**Task statement:** Restate word for word the material below, starting at the line that contains "Concealed architectural lighting" and stopping after the last line; skip pictures.
Dataset content START
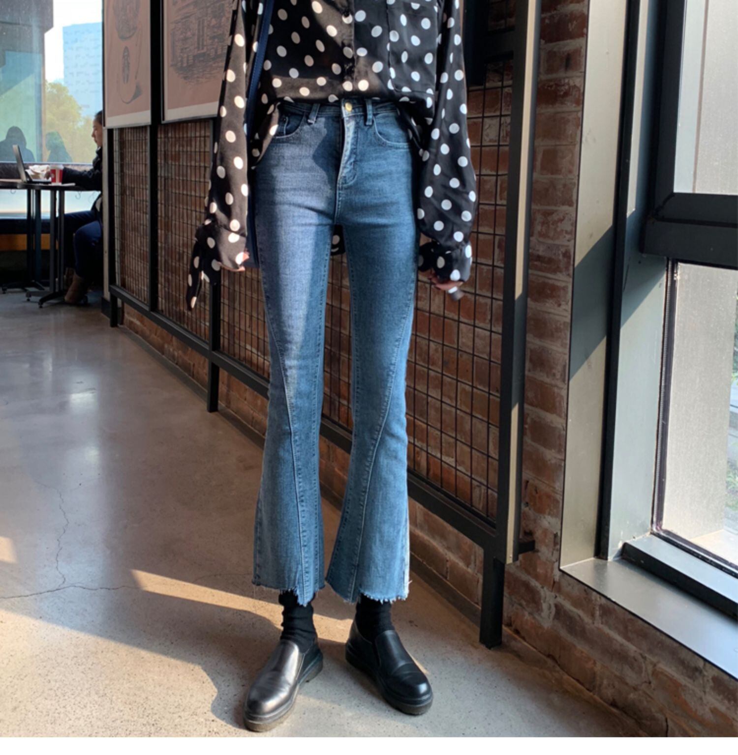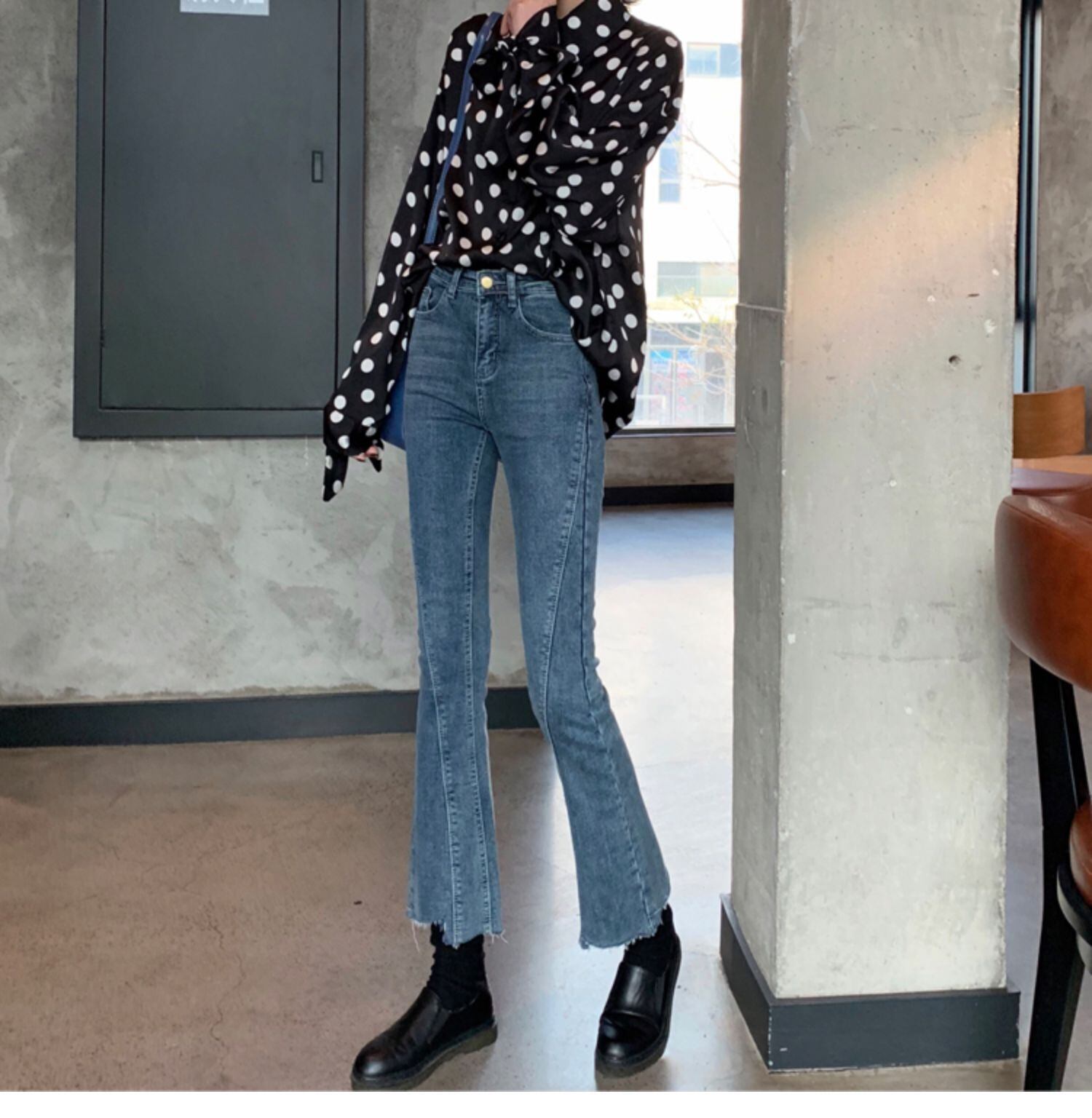 2020年春と秋の新しい不規則なマイクロフレアパンツ、ハイウエスト、スリム、オールマッチの9ポイントジーンズ、女性のネットレッドパパパンツ misskkl50476374735
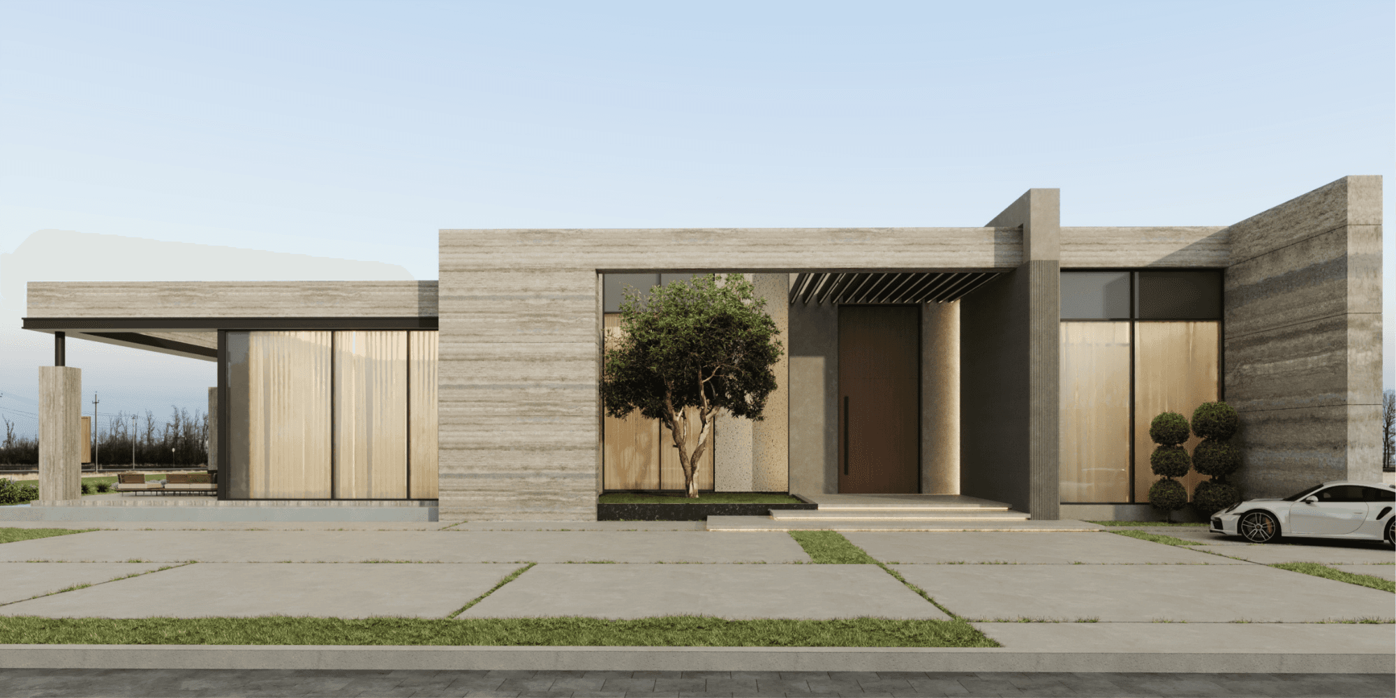 Concealed architectural lighting highlights façade lines, entrance volumes, and landscape elements. Evening illumination enhances the villa’s form while maintaining a soft, sophisticated ambiance.
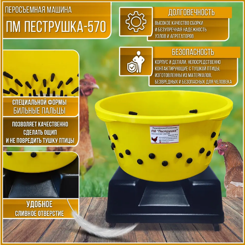 Перосъемная машина ПМ-7У "Пеструшка" для удаления оперения птиц до 8,5 кг.
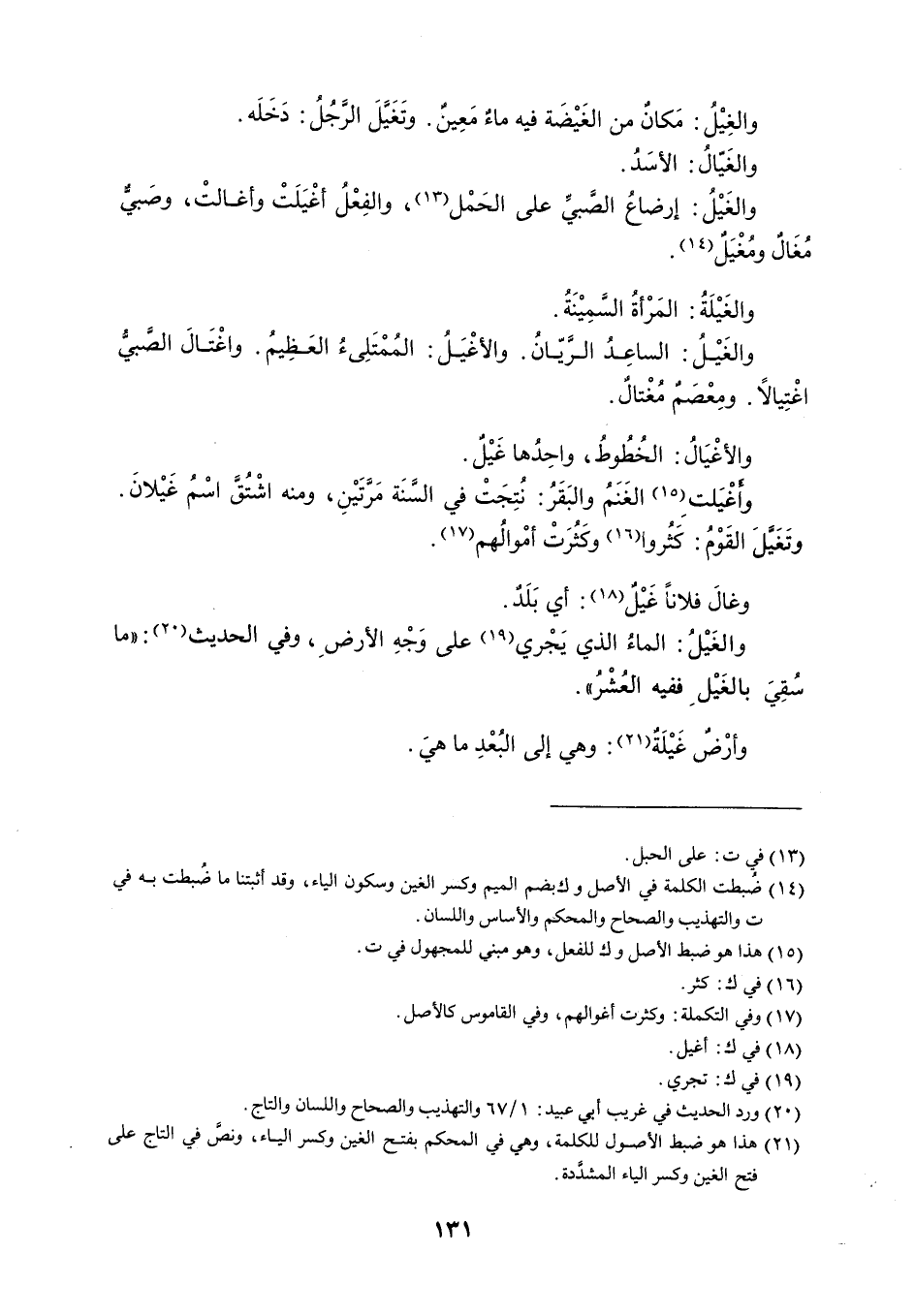 والغِيْلُ : مَكانٌ من الغَيْضَة فيه ماءٌ مَعِينٌ . وتَغَيَّلَ الرَّجُلُ : دَخَلَه . والغَيّالُ : الأسَدُ . والغَيْلُ : إرضاعُ الصَّبيِّ على الحَمْل ، والفِعْلُ أغْيَلَتْ وأغالتْ ، وصَبيٌّ مُغَالٌ ومُغْيَلٌ . والغَيْلَة : المَرْأةُ السَّمِيْنَةُ . والغَيْلُ : الساعِدُ الرَّيّانُ . والأغْيَلُ : المُمْتَلِىءُ العَظِيمُ . واغْتَالَ الصبيُّ اغْتِيالاً . ومِعْصَمٌ مُغْتالٌ . والأغْيَالُ : الخُطُوطُ ، واحِدُها غَيْلٌ . وأغْيَلت الغَنَمُ والبَقَرُ : نُتِجَتْ في السَّنَة مَرَّتَيْنِ ، ومنه اشْتُقَّ اسْمُ غَيْلانَ . وتَغَيَّلَ القَوْمُ : كَثُروا وكَثُرَتْ أمْوالهم . وغالَ فلاناً غَيْلٌ : أي بَلَدٌ . والغَيْلُ : الماءُ الذي يَجْري على وَجْهِ الأرض ، وفي الحديث : ' ما سُقِيَ بالغَيْل ففيه العُشْرُ ' . وأرْض غَيْلَةٌ : وهي إلى البُعْدِ ما هيَ .
Dataset content END
**Solved problem:**
 Concealed architectural lighting highlights façade lines, entrance volumes, and landscape elements. Evening illumination enhances the villa’s form while maintaining a soft, sophisticated ambiance.
 Перосъемная машина ПМ-7У "Пеструшка" для удаления оперения птиц до 8,5 кг.
 والغِيْلُ : مَكانٌ من الغَيْضَة فيه ماءٌ مَعِينٌ . وتَغَيَّلَ الرَّجُلُ : دَخَلَه . والغَيّالُ : الأسَدُ . والغَيْلُ : إرضاعُ الصَّبيِّ على الحَمْل ، والفِعْلُ أغْيَلَتْ وأغالتْ ، وصَبيٌّ مُغَالٌ ومُغْيَلٌ . والغَيْلَة : المَرْأةُ السَّمِيْنَةُ . والغَيْلُ : الساعِدُ الرَّيّانُ . والأغْيَلُ : المُمْتَلِىءُ العَظِيمُ . واغْتَالَ الصبيُّ اغْتِيالاً . ومِعْصَمٌ مُغْتالٌ . والأغْيَالُ : الخُطُوطُ ، واحِدُها غَيْلٌ . وأغْيَلت الغَنَمُ والبَقَرُ : نُتِجَتْ في السَّنَة مَرَّتَيْنِ ، ومنه اشْتُقَّ اسْمُ غَيْلانَ . وتَغَيَّلَ القَوْمُ : كَثُروا وكَثُرَتْ أمْوالهم . وغالَ فلاناً غَيْلٌ : أي بَلَدٌ . والغَيْلُ : الماءُ الذي يَجْري على وَجْهِ الأرض ، وفي الحديث : ' ما سُقِيَ بالغَيْل ففيه العُشْرُ ' . وأرْض غَيْلَةٌ : وهي إلى البُعْدِ ما هيَ .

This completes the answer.